Additional advantages, objects, and features of the invention will be set forth in part in the description which follows and in part will become apparent to those having ordinary skill in the art upon examination of the following or may be learned from practice of the invention. The objectives and other advantages of the invention may be realized and attained by the means of the instrumentalities and combinations particularly pointed out hereinafter.

Drawings

For the purposes of promoting a better understanding of the objects, aspects and advantages of the invention, reference will now be made to the following detailed description taken in conjunction with the accompanying drawings in which:

FIG. 1 is a flow chart of a voltage abnormality fault diagnosis method of a lithium ion battery pack based on dual models, which is disclosed by the invention;

FIG. 2 is a diagram showing the result of equivalent circuit parameter identification according to the embodiment of the present invention, wherein (a) is a result diagram of parameter Em, (b) is a result diagram of parameter R0, (c) is a result diagram of parameter R1, (d) is a result diagram of parameter R2, (e) is a result diagram of parameter tau1, and (f) is a result diagram of parameter tau 2;

FIG. 3 shows the results of LSTM and Dense network tests according to an embodiment of the present invention, wherein (a) is a diagram showing the results of the LSTM network tests and (b) is a diagram showing the results of the Dense network tests;

FIG. 4 is a Ut output result of the combination of the equivalent circuit model Ut and the model according to the embodiment of the present invention, wherein (a) is an output result diagram of the equivalent circuit model Ut, and (b) is an output result diagram of the combination of the two models and the Ut;

fig. 5 shows a residual map and a cumulative sum map of an actual operation of an embodiment of the present invention, (a) shows a residual map of sample 1, (b) shows a cumulative sum map of sample 1, (c) shows a residual map of sample 2, (d) shows a cumulative sum map of sample 2, (e) shows a residual map of sample 3, and (f) shows a cumulative sum map of sample 3.

Detailed Description

The embodiments of the present invention are described below with reference to specific embodiments, and other advantages and effects of the present invention will be easily understood by those skilled in the art from the disclosure of the present specification.
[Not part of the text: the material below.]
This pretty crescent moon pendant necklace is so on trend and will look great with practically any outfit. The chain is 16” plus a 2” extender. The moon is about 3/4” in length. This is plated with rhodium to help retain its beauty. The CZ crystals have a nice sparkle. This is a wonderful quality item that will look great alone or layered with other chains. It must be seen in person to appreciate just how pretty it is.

The invention is capable of other and different embodiments and of being practiced or of being carried out in various ways, and its several details are capable of modification in various respects, all without departing from the spirit and scope of the present invention. It should be noted that the drawings provided in the following embodiments are only for illustrating the basic idea of the present invention in a schematic way, and the features in the following embodiments and examples may be combined with each other without conflict.

Wherein the showings are for the purpose of illustrating the invention only and not for the purpose of limiting the same, and in which there is shown by way of illustration only and not in the drawings in which there is no intention to limit the invention thereto; to better illustrate the embodiments of the present invention, some parts of the drawings may be omitted, enlarged or reduced, and do not represent the size of an actual product; it will be understood by those skilled in the art that certain well-known structures in the drawings and descriptions thereof may be omitted.
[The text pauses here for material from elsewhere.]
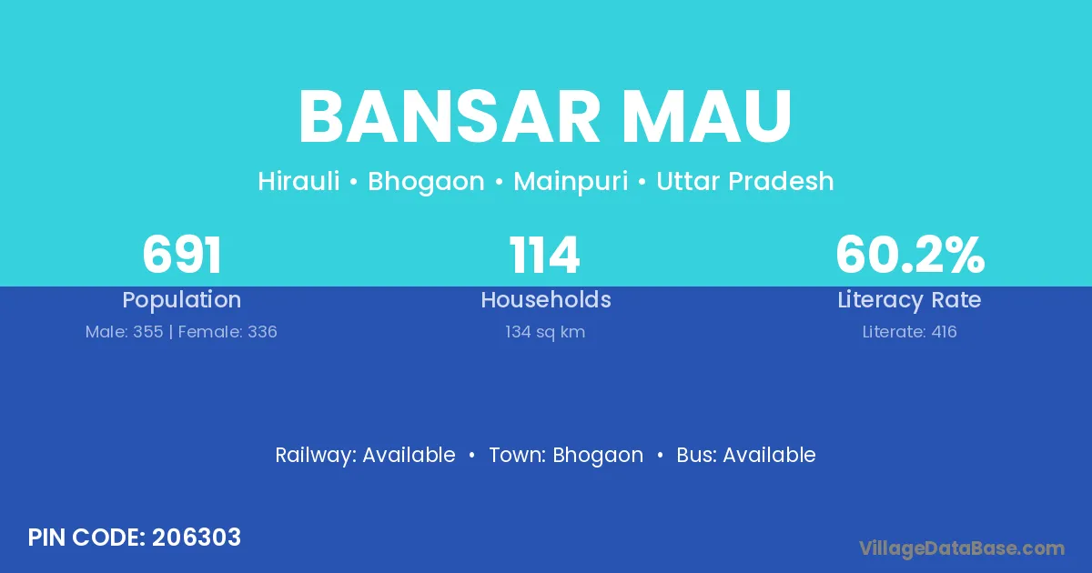 Bansar Mau village has a total population of 691 people, of which 355 are males and 336 are females.

The same or similar reference numerals in the drawings of the embodiments of the present invention correspond to the same or similar components; in the description of the present invention, it should be understood that if there is an orientation or positional relationship indicated by terms such as "upper", "lower", "left", "right", "front", "rear", etc., based on the orientation or positional relationship shown in the drawings, it is only for convenience of description and simplification of description, but it is not an indication or suggestion that the referred device or element must have a specific orientation, be constructed in a specific orientation, and be operated, and therefore, the terms describing the positional relationship in the drawings are only used for illustrative purposes, and are not to be construed as limiting the present invention, and the specific meaning of the terms may be understood by those skilled in the art according to specific situations.
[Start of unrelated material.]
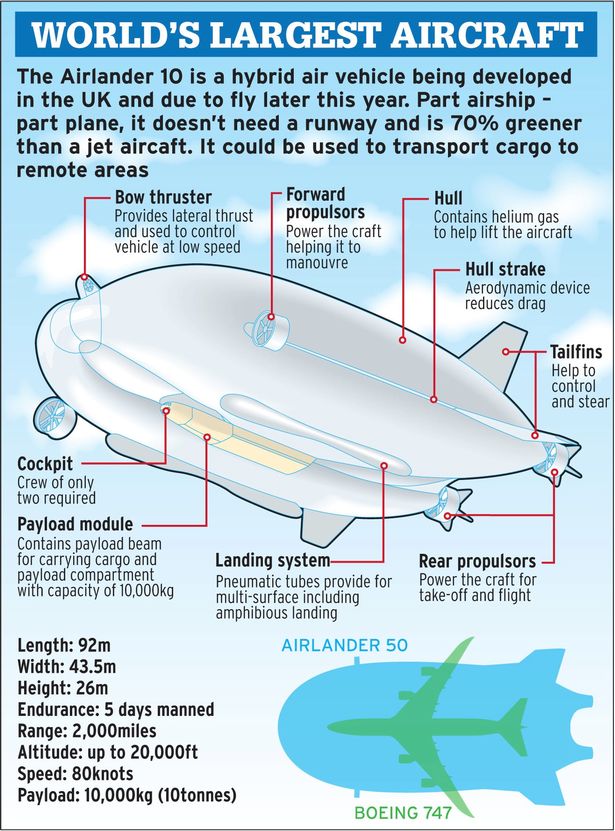 Airlander 10 может приземляться даже в неподготовленных для этого местах, вплоть до приземления на воду. Дирижабль наполнен гелием, его максимальная скорость составляет 150 км/ч.

Referring to fig. 1 to 5, the battery data used in the embodiment of the present invention is a public battery data set of the university of maryland. The data collected in step one of the summary of the invention is therefore the data set herein. The batteries used in the data set experiments were a123 lithium iron phosphate batteries, which were subjected to charge and discharge experiments at 0, 10, 20, 25, 30, and 40 degrees, respectively, using 3 conditions, DST, US06, and FUDS, respectively. The high-precision sensor for the experiment is used for collecting voltage, current, temperature and charge-discharge capacity.

The present embodiment is as follows:

step 1, carrying out charge and discharge experiments on the lithium battery at different temperatures, and collecting voltage, current, temperature and SOC, wherein the period is 1 second. The university of maryland public data set is used here. The data used in the data set has time, current, voltage, charge and discharge capacity and temperature.

Step 2, establishing a second-order equivalent circuit model, and performing parameter identification by using the data in the step 1 to obtain corresponding parameters under different temperatures and SOC, wherein identification results of the parameters of the equivalent circuit at 25 ℃ are shown in Table 1:

TABLE 1

The equivalent circuit model under the identification parameters has errors under three working conditions of 25 degrees as shown in table 2:

TABLE 2

The parameters at the remaining temperatures are identified as shown in FIG. 1.

And 3, firstly establishing an LSTM network for predicting the SOC. The input format of the LSTM network is (number of samples, time step, sample characteristics). Wherein the number of samples and the number of sample characteristics are known, the sample characteristics are current, voltage and temperature, and the time step is a hyper-parameter to be adjusted. The output is the SOC. And (3) carrying out normalization processing on the DST working condition data and then using the normalized DST working condition data to train the network, and adjusting the time step, the number of hidden layer neurons, the optimizer, the size of the batchsize and the size of the epoch in a grid searching mode. The results after adjustment according to loss are shown in Table 3:

TABLE 3

The full-connection layer network is also established for the output terminal voltage, and the input format of the Dense network is (sample number, sample characteristic). Where the sample characteristics are current, temperature and SOC, the output is Ut. And obtaining the optimal number of hidden layer neurons, the optimizer, the batch size and the epoch size by adopting a grid search mode, and adjusting the result to be as shown in the table. After both networks have been trained, the results of the testing using the FUDS operating conditions are shown in FIG. 2.

And 4, in order to obtain more accurate voltage, combining the two terminal voltage outputs in the step 2 and the step 3, wherein the specific mathematical expression is as follows:

SOC＝LSTM(I,Ut,T)；

UT_Dense＝Dense(I,T,SOC)；

Ut_ECM＝ECM(I,T,SOC)；

fig. 3 is the terminal voltage output by the equivalent circuit under the 20 degree FUDS operating condition and the terminal voltage output after combining the dual models.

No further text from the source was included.